蛍光発生プロテアーゼ アッセイ用基板を探検として効率性、安定性、およびアクティビティ バインディングの面では、市販のマイクロ アレイのアプリケーションをスライドします。蛍光灯、ビオチン化基板 (ボン) 経由で添付されたボツリヌス神経毒素の単分子膜ストレプトアビジンのアミン反応性アルデヒド、エポキシ、ハイドロゲル、高分子のスライドに自己組織化。Nexterion スライド P ® 最適蛋白質結合効率と安定性を検討したスライドがあることがわかった。印刷バッファーへグリセリン添加スポット形態を大幅に改善、ポリビニルピロリドン チップは 1 ヶ月のために良い生存率を格納する、長期的な安定性を提供します。組換えボン軽鎖の検出は、37 ℃ で実施され、加熱線量は 2 時間で検出されました。

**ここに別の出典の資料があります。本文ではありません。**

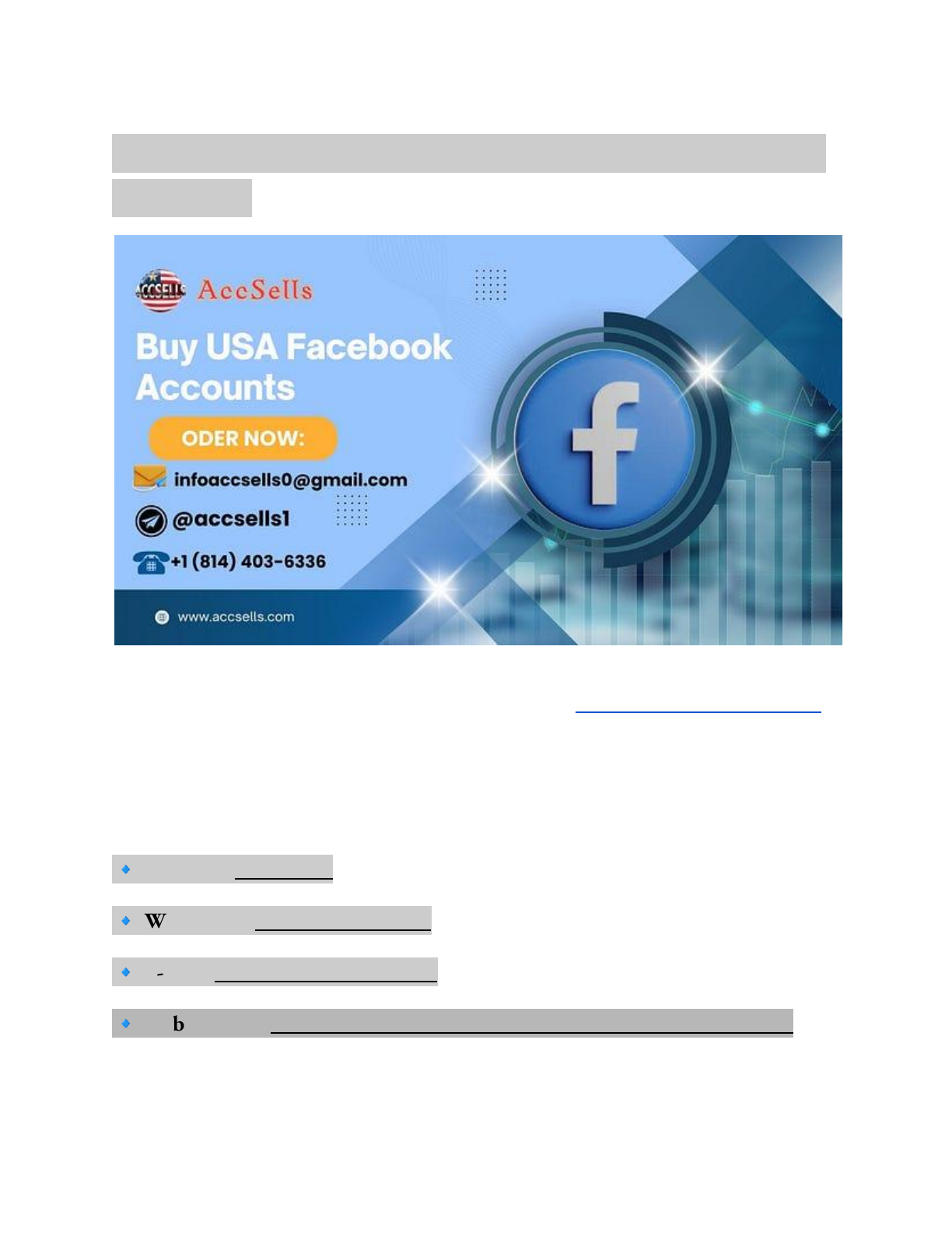 Buy USA Facebook Accounts for Marketing & Ads 2025 Are you looking to jumpstart your Facebook marketing in the USA? Maybe you want instant access to multiple accounts for campaigns, outreach, or ads. Buying USA Facebook accounts can save you hours of setup time, especially if you’re targeting American audiences. But hold on — there’s more to it than just buying and logging in. In this guide, we’ll cover everything from benefits, risks, safety tips, and trusted sellers to help you make informed choices. 24 Hours Reply/ Contact : – 🔹 Telegram: @accsells1 🔹 WhatsApp: +1 (814) 403–6336 🔹 E-mail: infoaccsells0@gmail.com 🔹 Website Visit: https://accsells.com/product/buy-usa-facebook-accounts/ What Are USA Facebook Accounts? https://accsells.com/product/buy-usa-facebook-accounts/ https://t.me/accsells1 https://api.whatsapp.com/send?phone=18144036336 mailto:infoaccsells0@gmail.com https://accsells.com/product/buy-usa-facebook-accounts/ Definition and Key Features A USA Facebook account is a Facebook profile or page that is registered in the United States. These accounts are valuable because they appear local to American audiences, which can help boost ad engagement and reach. Types of Facebook Accounts Personal Accounts Personal accounts are standard profiles used for connecting with friends or family. Businesses sometimes use these for small-scale campaigns or testing. Business Accounts Business accounts are linked to Facebook Business Manager, Pages, and Ads Manager. They allow for large-scale advertising and team management. Verified & Aged Accounts ● ● Aged Accounts: Older accounts often have a higher trust score with Facebook, which may prevent account bans during ad campaigns. ● ● ● Verified Accounts: Accounts with verification (phone/email) are considered more credible, reducing the risk of restrictions. ● 24 Hours Reply/ Contact : – 🔹 Telegram: @accsells1 🔹 WhatsApp: +1 (814) 403–6336 🔹 E-mail: infoaccsells0@gmail.com 🔹 Website Visit: https://accsells.com/product/buy-usa-facebook-accounts/ Why Buy USA Facebook Accounts? https://accsells.com/product/buy-usa-facebook-accounts/ https://t.me/accsells1 https://api.whatsapp.com/send?phone=18144036336 https://accsells.com/product/buy-usa-facebook-accounts/ Instant Access for Marketing Creating multiple accounts from scratch is slow and sometimes risky. Buying accounts lets you start campaigns instantly. Aged Accounts for Higher Trust Older accounts are less likely to trigger Facebook’s automated spam checks, improving ad approval rates. Bulk Accounts for Campaigns If you need multiple accounts for outreach or testing, buying in bulk is easier than creating them individually. Verified Accounts for Safety & Credibility Accounts with verified emails or phone numbers are less likely to get flagged, keeping your marketing smooth and reliable. Benefits of Buying USA Facebook Accounts Save Time and Effort Forget about waiting days for new accounts to age or be verified. You can jump straight into advertising. Better Ad Approval Rates Facebook tends to trust aged and verified accounts more, reducing ad disapproval rates. Increased Outreach & Engagement With multiple accounts, you can reach wider audiences, join groups, and manage pages effectively. Hassle-Free Campaign Management Some sellers provide accounts pre-linked to Business Manager or Ads Manager, saving setup time. How to Choose the Right Seller Reputation & Reviews Always buy from verified sellers with real reviews. Platforms like AccSells.com provide trustworthy accounts. Delivery Time & Support Check if the seller offers fast delivery and customer support in case of login or access issues. Payment Options & Refund Policies Make sure the seller has secure payment methods and clear refund policies to avoid scams. Risks of Buying Facebook Accounts Policy Violations & Suspensions Facebook’s terms forbid buying/selling accounts. Purchased accounts can be suspended if detected. Fake or Compromised Accounts Some accounts may be fake, previously banned, or compromised, risking security or ad bans. Security & Privacy Concerns Prior users may still have recovery access, so always secure the account immediately after purchase. Step-by-Step Guide to Using a Purchased Account Logging In Safely Use secure devices and networks to log in. Avoid shared computers or public Wi-Fi. Changing Passwords & Security Settings Immediately change passwords, enable two-factor authentication, and update recovery info. Setting Up Ads and Pages Link the account to Business Manager, create Pages, and configure Ads Manager for campaigns. 24 Hours Reply/ Contact : – 🔹 Telegram: @accsells1 🔹 WhatsApp: +1 (814) 403–6336 🔹 E-mail: infoaccsells0@gmail.com 🔹 Website Visit: https://accsells.com/product/buy-usa-facebook-accounts/ Best Practices for Safe Purchasing Verify Seller & Account History Ask about account age, verification, and past usage to avoid suspended or flagged accounts. Enable Two-Factor Authentication This adds an extra layer of protection to prevent unauthorized access. Use Escrow or Secure Payment Options Avoid sending money directly; use trusted platforms that offer escrow services. Top Platforms to Buy USA Facebook Accounts AccSells.com Overview AccSells.com is a trusted platform providing aged and verified Facebook accounts for marketers and businesses, with fast delivery and customer support. Other Trusted Marketplaces https://t.me/accsells1 https://api.whatsapp.com/send?phone=18144036336 https://accsells.com/product/buy-usa-facebook-accounts/ https://accsells.com/product/buy-usa-facebook-accounts/ Other platforms include UseViral, SidesMedia, and Growthoid, offering verified accounts with secure payment and reliable reviews. How to Maximize Account Performance Consistent Posting & Engagement Keep accounts active by posting regularly and interacting with followers. Targeting the Right Audience Focus on relevant American audiences using Fa

マウスフィードの動脈から血管内皮細胞の管に沿って電気伝導:グリチルレチン酸誘導体の交絡アクション
背景と目的:抵抗血管の内皮細胞に沿って電気伝導は、組織や血液を取り囲む平滑筋の影響から独立して決定されていない。 2つの相互の仮説をテストしました:(1)電気信号の細胞間伝導は内皮細胞(EC)チューブ内のマニフェストである、(2)ギャップジャンクションチャネルの阻害剤(GJCs)は、ECの電気とCa(2 +)シグナル伝達に対する交絡アクションがあります。実験的アプローチ:無傷EC管はC57BL / 6マウスの腹部筋肉フィードの動脈から単離した。過分極(+)は中間、小コンダクタンスCa(2 +)の活性化Kチャネル(IK(Ca)と/ SK(CA))の(NS309)間接的な(アセチルコリン)と直接刺激で開始されました。リモート膜電位(V(M))の応答は、注入電流の電気伝導のために一定の長さ(λ)を定義し、細胞内に。色素結合はヨウ化プロピジウムの細胞内マイクロインジェクション後に評価した。細胞内Ca(2 +)のダイナミクスは、フラ-2測光を用いて測定した。カルベノキソロン(CBX)またはβ-グリチルレチン酸(βGA)はGJCsの役割を調べるために使用された。主な結果:ECSの定常状態V(m)は〜-25 mVであった。それぞれ〜-40 mVと〜-60 mVに、アセチルコリンによる過分極とNS309 ECの。電気伝導は、距離(λ〜1.4 mm)でmonoexponentially減衰。ヨウ化プロピジウムはECを取り巻くに1つのEC普及に注入する。 CBXまたはβGAは可逆移染、電気伝導およびEC過分極を抑制した。 βGAは、アセチルコリンへの応答を抑制しながら、両方のエージェントは、Ca(2 +)を休んで上昇した。結論と含意:個々の細胞は、ECチューブ内にお互いによく結合されています。グリチルレチン酸誘導体とを阻害するGJCsは、内皮細胞に沿って電気伝導の主要な決定要因を解決するためのこれらの薬剤の使用を未然に防ぐ、のCa(2 +)シグナル伝達に関係なく、IK(Ca)の/ SK(CA)によって過分極仲介の損失と一致している。